I have an easily accessible “Grandma’s brag book.” The iPad
has a great camera, but I brought over some historical pictures too, just to
have there. I have almost all my music on it. I have books from Kindle, books
from iBooks, and some stuff from iTunes U, which is actually classroom
learning. I have several Bibles, a Strong's Bible concordance, and several commentaries
ON the device. I have a dictionary and the “free” Encyclopedia Brittanica.
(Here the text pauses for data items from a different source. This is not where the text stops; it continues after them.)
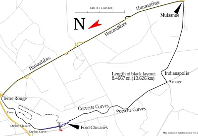 La piste, mesurant 13,626 km[16], emprunte une partie du circuit Bugatti et comporte une grande partie de route nationale. Les passages les plus célèbres sont les virages du Tertre Rouge, Mulsanne, Arnage et la ligne droite des Hunaudières, longue de presque 6 km où les prototypes maintenaient auparavant une vitesse de près de 400 km/h pendant une minute. Cette portion du circuit a été divisée en trois lignes droites par l'installation de deux chicanes en 1990. Ces chicanes ont pour but de limiter la recherche de la vitesse maximale par des réductions d'appuis aérodynamiques trop importantes et de limiter par conséquent les différences de vitesse entre concurrents. L'envol de certains véhicules était dû à la géométrie de la piste avec un changement de plan qui pouvait créer un décrochage aérodynamique suivant leurs configurations et réglages aérodynamiques. La bosse a été aplanie pour l'édition 2001.
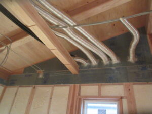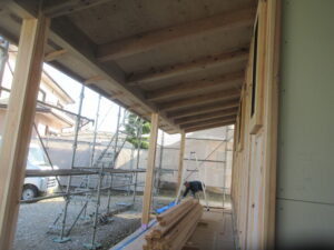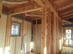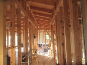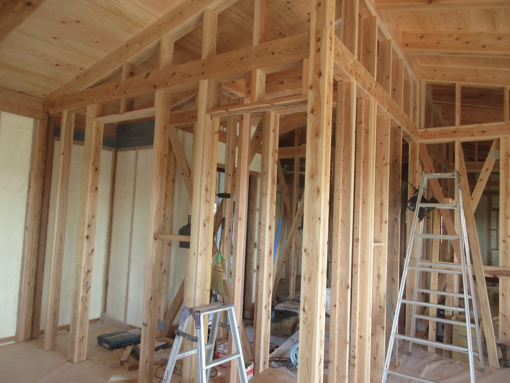 O大工さんによる内部の木工事は、間仕切り部の下がり壁、壁下地の間柱建て等が進められました。これから、天井下地や、床張りへと進んでいきます。
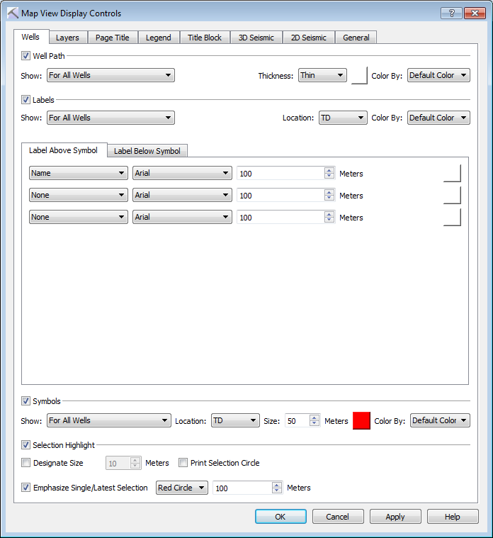 The Map View Display Controls dialog box is used manage general display properties, control the appearance of wells and templates, determine which layers are actively being displayed in the Map View window. To open the Map View Display Controls dialog box, on the Buttons toolbar click
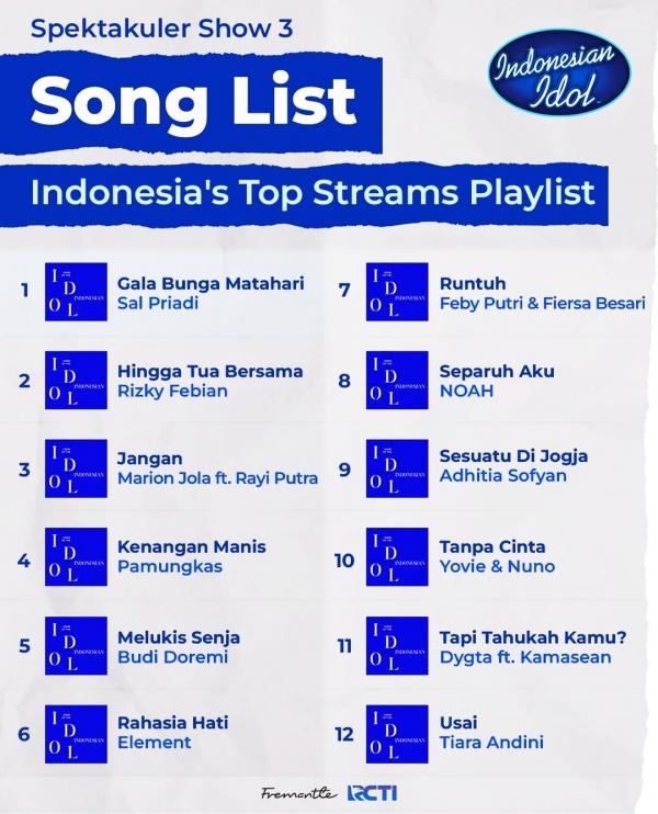 Berikut deretan lagu dari musisi lokal yang akan dibawakan kontestan Top 12 di babak spekatkuler show Indonesia Idol XIII:
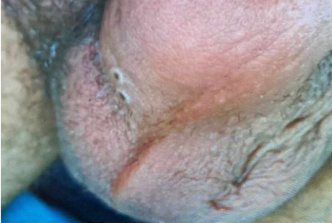 Fizik muayenede; tansiyon 110/70 mmHg, oda havasında ölçülen SpO2 %99, ateş 36.9 °C, nabız 87/dk olarak ölçüldü. Penis ve skrotumda yaygın multiple göbekli püstüler lezyonlar ile diffüz ödem ve hiperemi (Resim 2), bilateral inguinal bölgelerde ise palpasyonla ağrılı, sert kıvamda, yaklaşık çapları 1cm büyüklüğünde lenfadenopatiler mevcuttu.
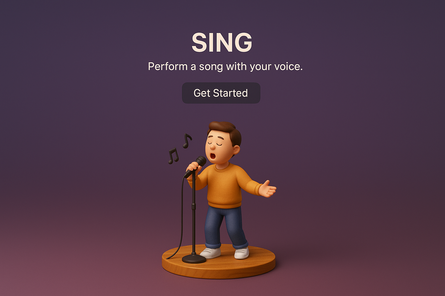 A zoomed-out, realistic 3D scene depicting a singer on stage with a microphone. The background features a smooth gradient transition, enhancing the vibrant colors of the scene.
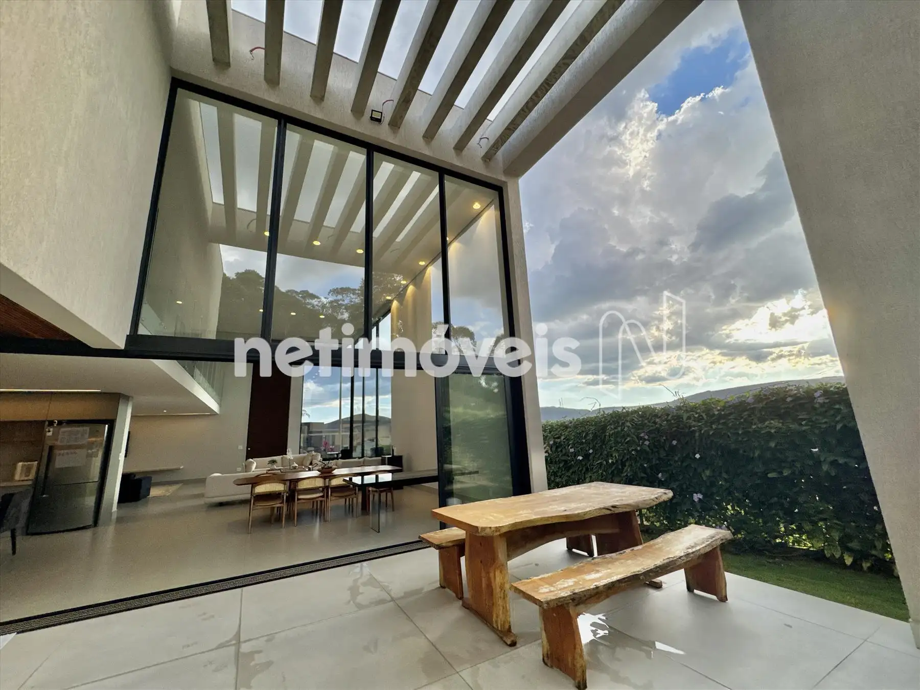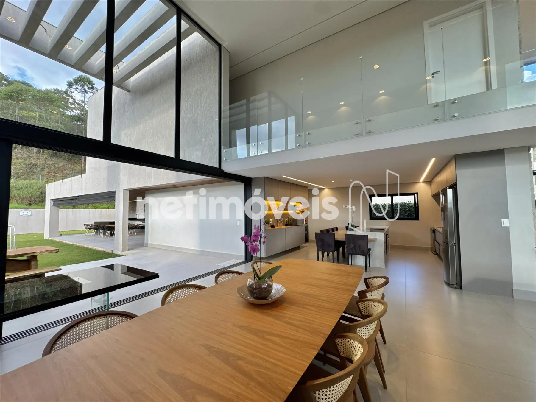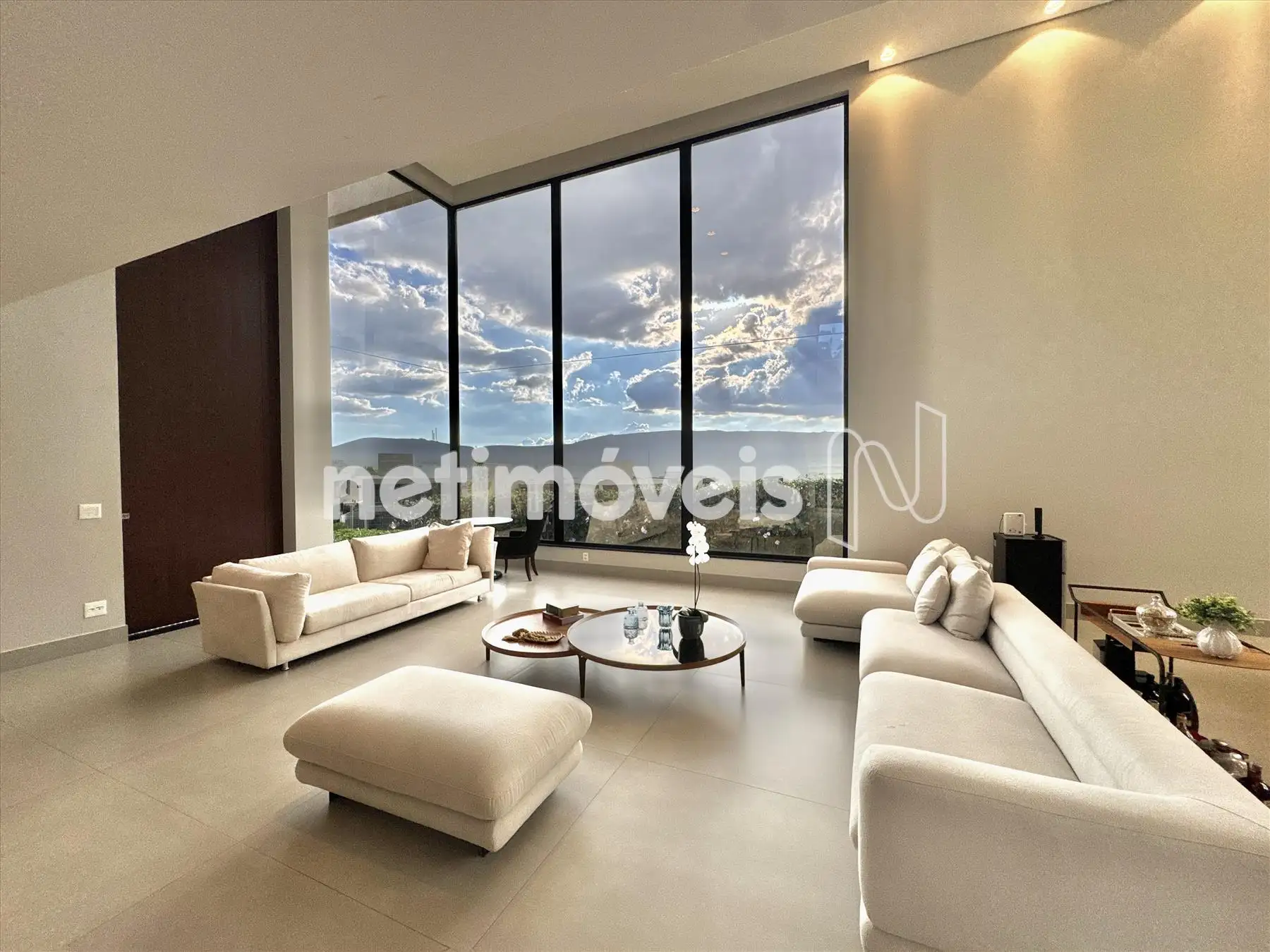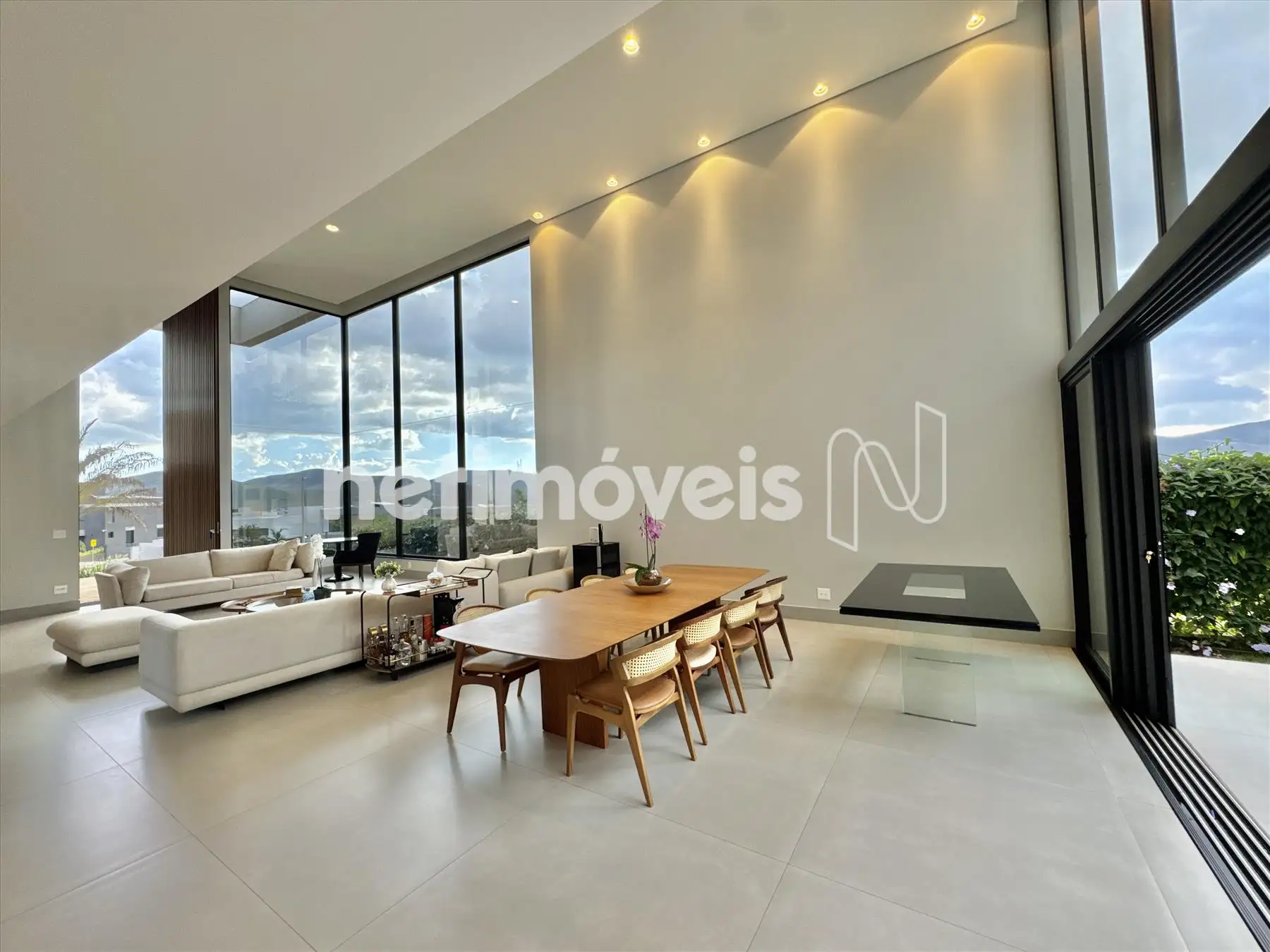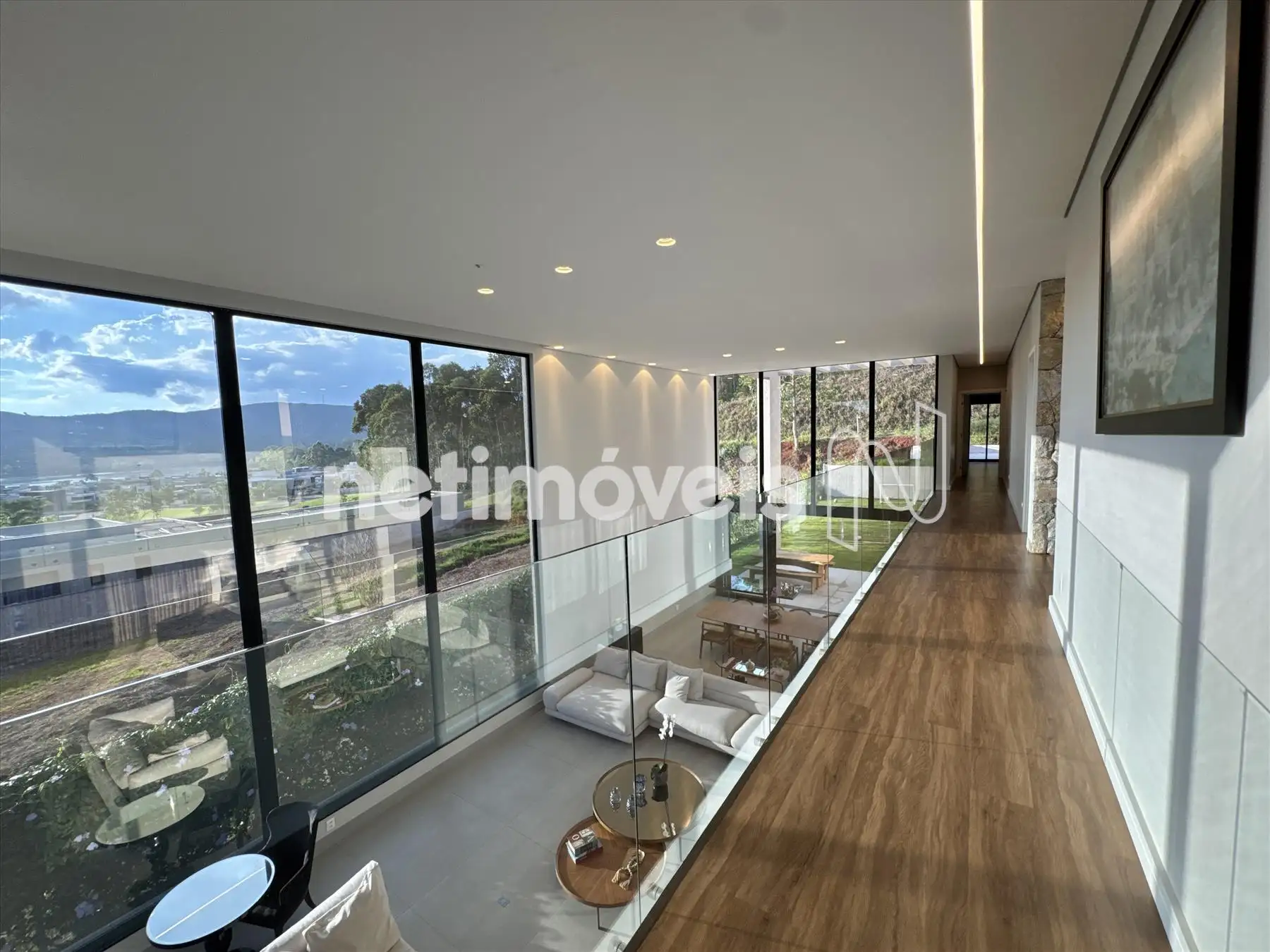 A casa possui amplas janelas nas salas e na suíte principal para propiciar uma vista deslumbrante e indevassável para a Lagoa dos Ingleses e Serra da Moeda.

These are what are important to me.
Then there are the apps that I need to be “connected” to
use. I did not get 3G because I want to keep harmony in my home; but I have
learned that if I need to, I can pull up outside McDonald’s and check in. (Get
as close to the building as you can). Someday I will revert to a “stupid phone”
because I don’t need the smart phone. I can check my regular email, Facebook, Linked-In,
Pinterest, Fairborn71 and Gmail.
I have the app I am using for weight loss. I kinda hope the
fitness club gives me their wireless code when I don’t have the smart phone,
and I can just log it in before this old brain forgets the numbers. If NOT, I
will use the notepad!
Speaking of the notepad, I use it for everything from sermon notes to product information. The calendar serves for other notes. The only
drawback is I don’t have them sorted by category—yet. I downloaded Quick Office
(what I call iPad Open Office) and have our home address book there too. In
addition to email, Facebook and other methods of holding information; I have
our home address book and my Class of 1971 excel spreadsheets I can bring up if
I am not in a hot spot. I can foresee a day when I copy the notes from the
Notepad to a document in Open Office and file from there. The possibility is
there; I have not arrived yet.
In short, this is the ultimate Day Planner for me, along
with a camera, a “boombox,” (there is no booming going on anymore), and many of
the books that are important to me. Games? Maybe someday. I have one game—so
far—for the grandchild. Movies? I can see myself downloading a classic maybe;
something like the Sound of Music that we watched on TV every year back in the
day. And I freely realize there are
things yet to be invented!
I know people that are quite happy with their Kindle Fire,
but I think this iPad is the best thing since sliced bread! MY ultimate Day
Planner!


I bought an iPad, but I tok it back because I couldn't see a reason for it in my life (my iPhone, two laptops, and two desktop computers being sufficient!). But I appreciate that others find it very useful.
ReplyDeleteOh, and btw, in regular, old-fashioned English, "impact" is not a verb, unless it's something that happens to your wisdom tooth. :)
I should rephrase that. Influenced. I have heard that word used so much, but like a lot of words in our language, common vernacular is wrong.
DeleteThe iPad serves well when I can't carry the computer around and won't have a smart phone (in the near future). Your iPhone does that for you and that is good. Of course, I could be mean and talk about how much easier it is to read something on the iPad (for me anyway).